[Pixman] testsuite fails on power7

Lennart Sorensen lsorense at csclub.uwaterloo.ca
Mon Sep 16 09:37:06 PDT 2013

On Fri, Aug 30, 2013 at 12:26:44AM +0300, Siarhei Siamashka wrote:
> I'm not really familiar with the Altivec intrinsics. They might provide
> some syntax sugar (which also might be compiler specific). But the
> intrinsics are converted to the Altivec instructions in the generated
> code in the end. There are two Altivec manuals (for assembly and
> intrinsics) here:
> http://www.freescale.com/files/32bit/doc/ref_manual/ALTIVECPEM.pdf
> http://www.freescale.com/files/32bit/doc/ref_manual/ALTIVECPIM.pdf
> Reads outside the malloc area are fine. If we need to read only a single
> last pixel of the image, then reading the whole 16 byte chunk it
> belongs to is also fine. It is not going to cause any segfaults (the
> needed bytes and the extra bytes from this 16 byte chunk all belong to
> the same memory page). And merely reading obviously can't corrupt
> memory. I think similar tricks are used by glibc also for x86, that's
> why valgrind ships with a list of suppressions for false positives.
> But any writes outside of the malloc area are really bad. Even if they
> write back the same value that was read from this memory location just
> a few instructions ago.

It certainly seems bad.

> The possible solution is to add some extra code before the VMX combiner
> loops to align the destination to 16 bytes boundary. Just like it is
> done for SSE2:
>     http://cgit.freedesktop.org/pixman/tree/pixman/pixman-sse2.c?id=pixman-0.30.2#n663

Hmm, having some issues trying to figure out what that code is trying
to do.  I really wish people could use meaningful variable names.
That is, meaningful to other people too.

> You can try to disable most of the VMX combiners by commenting out
> the pointers initialization here:
>    http://cgit.freedesktop.org/pixman/tree/pixman/pixman-vmx.c?id=pixman-0.30.2#n1622
> For debugging purposes keep just one combiner, which can still reliably
> trigger the problem. Then try to fix this problem. And then apply the
> same fix to the rest of the VMX code.
> We may also have troubles accessing memory before the malloc area. The
> address of the allocated memory block also should be 16 bytes aligned
> to workaround the problem. So just allocating 16 bytes extra is not
> enough. You can try using memalign/posix_memalign to test this. In any
> case, that's only a test to investigate/confirm the problem. It might
> be not worth wasting time.
> > I am not sure if the vec_ld is implemented in the compiler or libc,
> The intrinsics are converted to assembly instructions by the compiler.
> > and I can't remember if I still used the same gcc version when testing
> > with libc 2.17.  I am using gcc 4.6 from Debian wheezy at the moment.
> > I am pretty sure I tried with 4.7 as well with no change in behaviour.
> I suspect that the only relevant difference between glibc versions
> affecting this bug could be the malloc implementation.
> Some other possible sources of problems are the OpenMP implementation
> and TLS. But if everything works fine with VMX disabled, then they are
> probably not at fault here.

OK I found some time to play with it a bit.

If I comment out:
    imp->combine_32[PIXMAN_OP_OVER] = vmx_combine_over_u;

then affine-test passes.

If I also comment out:
    imp->combine_32[PIXMAN_OP_ADD] = vmx_combine_add_u;

then scaling-test also passes.

I can leave the rest enabled, so either those are fine, or they just
aren't in use in those tests.

Now I did just try turning off openMP, and it appears to solve the problem.
Interesting.  So for some reason without vmx it is fine with openMP,
but vmx + openMP = crash.

And wow is it ever a lot slower without openMP for running the tests.

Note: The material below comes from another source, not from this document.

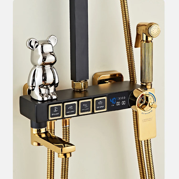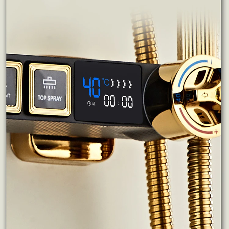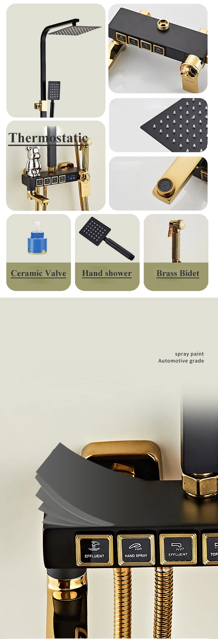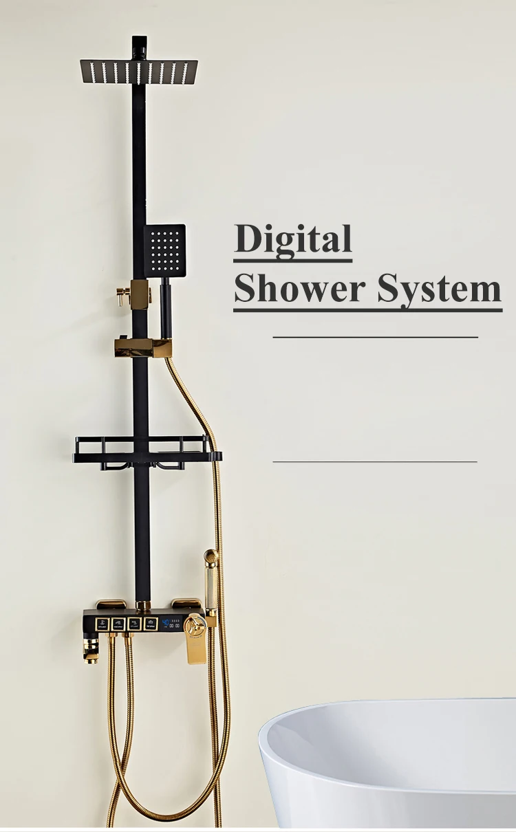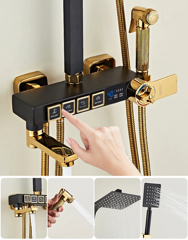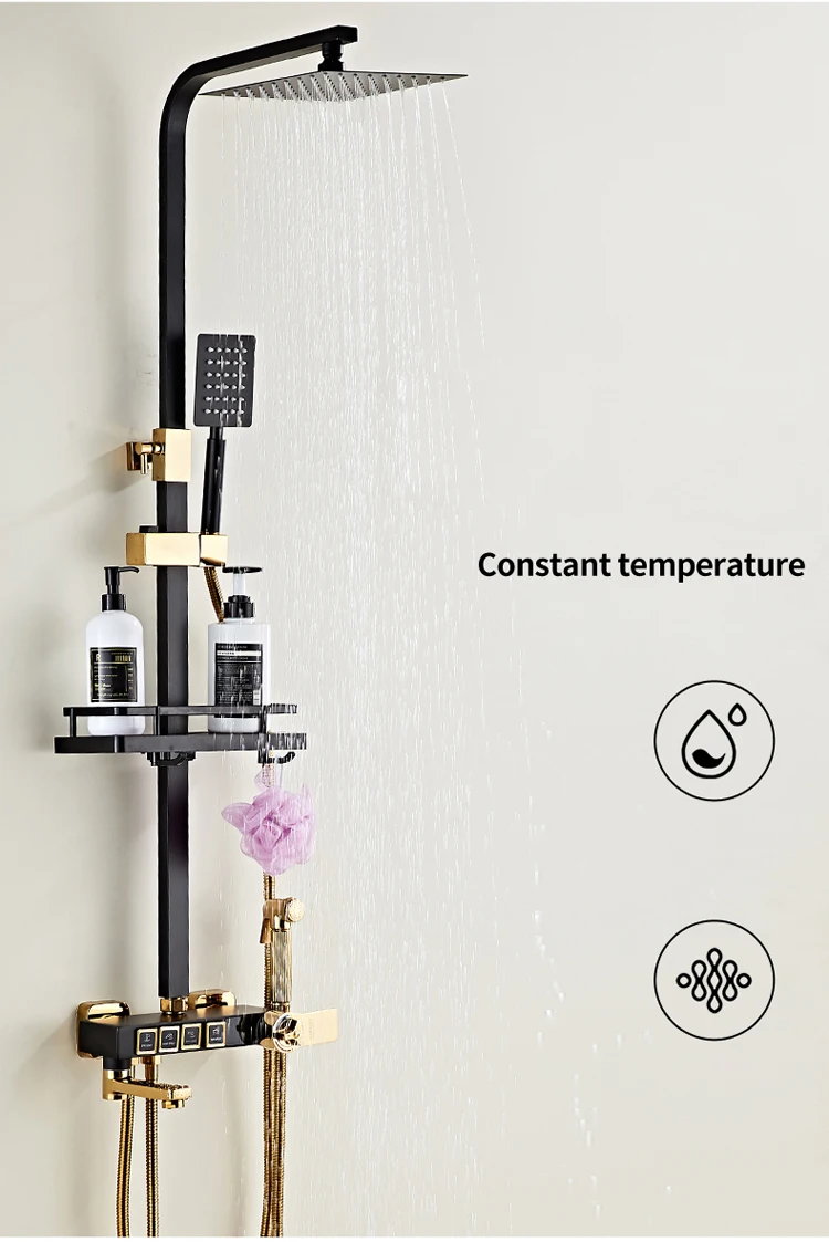 Multi-Functional Shower Experience: With a thermostatic faucet and multiple spray patterns (rain, jet, and massage), this shower system provides an unparalleled showering experience, allowing users to customize their water temperature and pressure to their liking.

I still can't make sense of why upgrading libc from 2.13 to 2.17 makes
the crashes go away.  I don't even have to recompile after changing the
version of libc, it just stops crashing.

So it seems openmp + vmx code + libc 2.13 = memory corruption and crash.
Change any one of them, and it doesn't crash.

Maybe this one will just have to remain a mystery.